━━━ Data excerpt
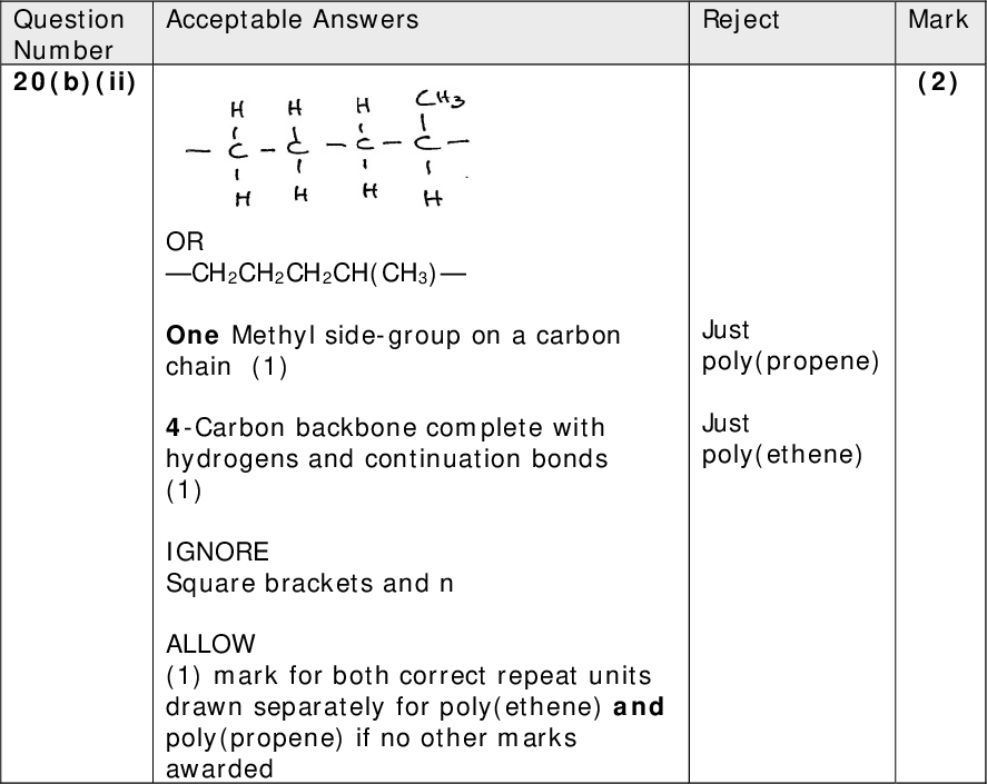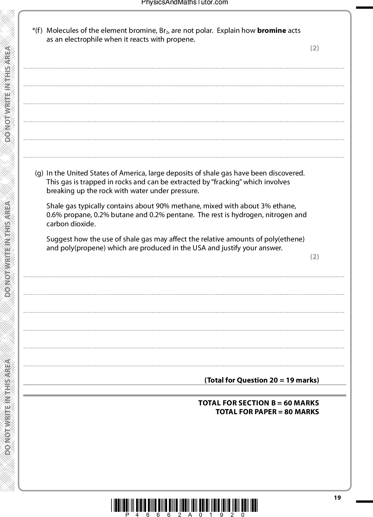 *(f) Molecules of the element bromine, Br2, are not polar. Explain how bromine acts as an electrophile when it reacts with propene. (2)(g) In the United States of America, large deposits of shale gas have been discovered. This gas is trapped in rocks and can be extracted by fracking which involves breaking up the rock with water under pressure. Shale gas typically contains about 90% methane, mixed with about 3% ethane, 0.6% propane, 0.2% butane and 0.2% pentane. The rest is hydrogen, nitrogen and carbon dioxide. Suggest how the use of shale gas may affect the relative amounts of poly(ethene) and poly(propene) which are produced in the USA and justify your answer. (2)(Total for Question 20 = 19 marks) TOTAL FOR SECTION B = 60 MARKS TOTAL FOR PAPER = 80 MARKS A E R A S I H T N I E T I R W T O N O D A E R A S I H T N I E T I R W T O N O D A E R A S I H T N I E T I R W T O N O D *P46662A01920* 19<br />
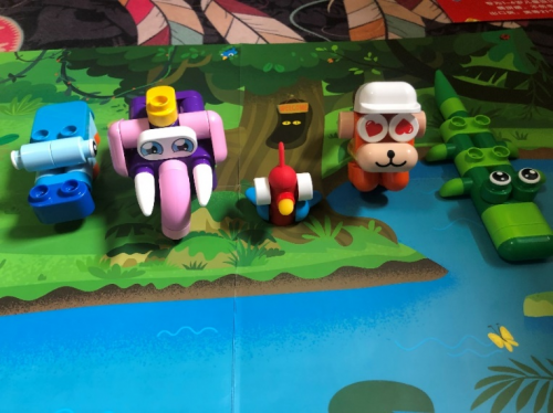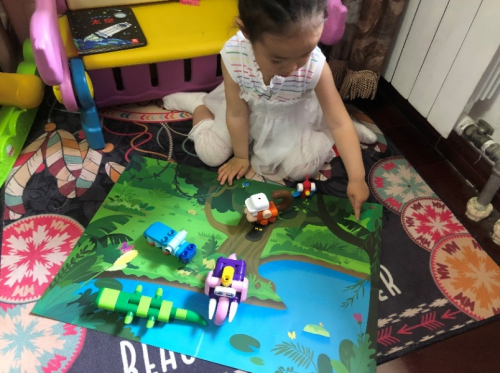 玩具拼裝解釋圖的背面就是地圖,給積木玩偶提供了生存場地,可以幫助寶寶辨知不同動(dòng)物的棲息環(huán)境。另外,處在1-6歲的孩子是非常喜歡進(jìn)行角色扮演的,你看把所有動(dòng)物拼裝好后,放在地圖上集合,她不僅給動(dòng)物們找到了各自的家,而且一部自編自導(dǎo)自演的故事大片就要開始了……
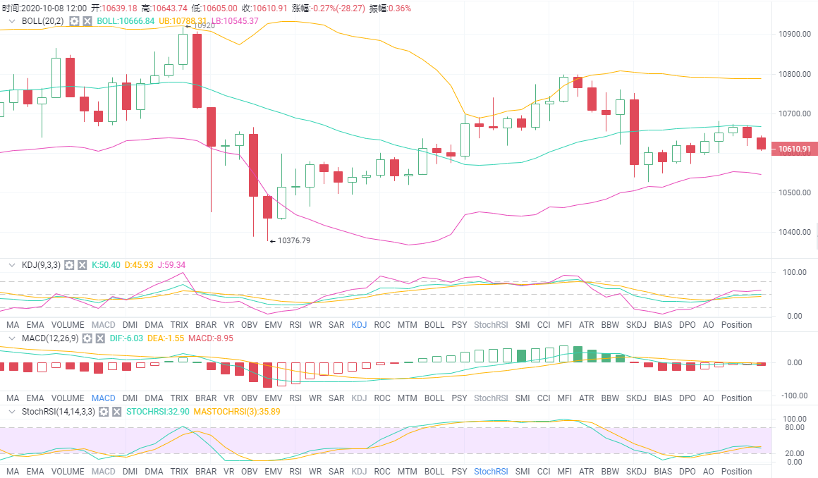 BTC:四小时级别线来看,布林带开口呈下姿态,各项指标均在中下轨运行,Skdj与RSI有拐头迹象或将行成死叉,币价预计会先走出一步回撤再反弹。近日行情并未进一步下行跌破10500关键位置,造成局势恶化,短期盘面还是需要继续观察。可以关注12小时线和日线这里的三角能否突破出方向。目前价格在缓慢上行,行情正在尝试寻找方向,情况在逐渐好转,但是多头上攻力度不够强烈,短期行情还是需要耐心等待方向。
━━━━━━
### Work order:
An exact reproduction of the data is needed, with no pictures included.

### Response:
 *(f) Molecules of the element bromine, Br2, are not polar. Explain how bromine acts as an electrophile when it reacts with propene. (2)(g) In the United States of America, large deposits of shale gas have been discovered. This gas is trapped in rocks and can be extracted by fracking which involves breaking up the rock with water under pressure. Shale gas typically contains about 90% methane, mixed with about 3% ethane, 0.6% propane, 0.2% butane and 0.2% pentane. The rest is hydrogen, nitrogen and carbon dioxide. Suggest how the use of shale gas may affect the relative amounts of poly(ethene) and poly(propene) which are produced in the USA and justify your answer. (2)(Total for Question 20 = 19 marks) TOTAL FOR SECTION B = 60 MARKS TOTAL FOR PAPER = 80 MARKS A E R A S I H T N I E T I R W T O N O D A E R A S I H T N I E T I R W T O N O D A E R A S I H T N I E T I R W T O N O D *P46662A01920* 19<br />
 玩具拼裝解釋圖的背面就是地圖,給積木玩偶提供了生存場地,可以幫助寶寶辨知不同動(dòng)物的棲息環(huán)境。另外,處在1-6歲的孩子是非常喜歡進(jìn)行角色扮演的,你看把所有動(dòng)物拼裝好后,放在地圖上集合,她不僅給動(dòng)物們找到了各自的家,而且一部自編自導(dǎo)自演的故事大片就要開始了……
 BTC:四小时级别线来看,布林带开口呈下姿态,各项指标均在中下轨运行,Skdj与RSI有拐头迹象或将行成死叉,币价预计会先走出一步回撤再反弹。近日行情并未进一步下行跌破10500关键位置,造成局势恶化,短期盘面还是需要继续观察。可以关注12小时线和日线这里的三角能否突破出方向。目前价格在缓慢上行,行情正在尝试寻找方向,情况在逐渐好转,但是多头上攻力度不够强烈,短期行情还是需要耐心等待方向。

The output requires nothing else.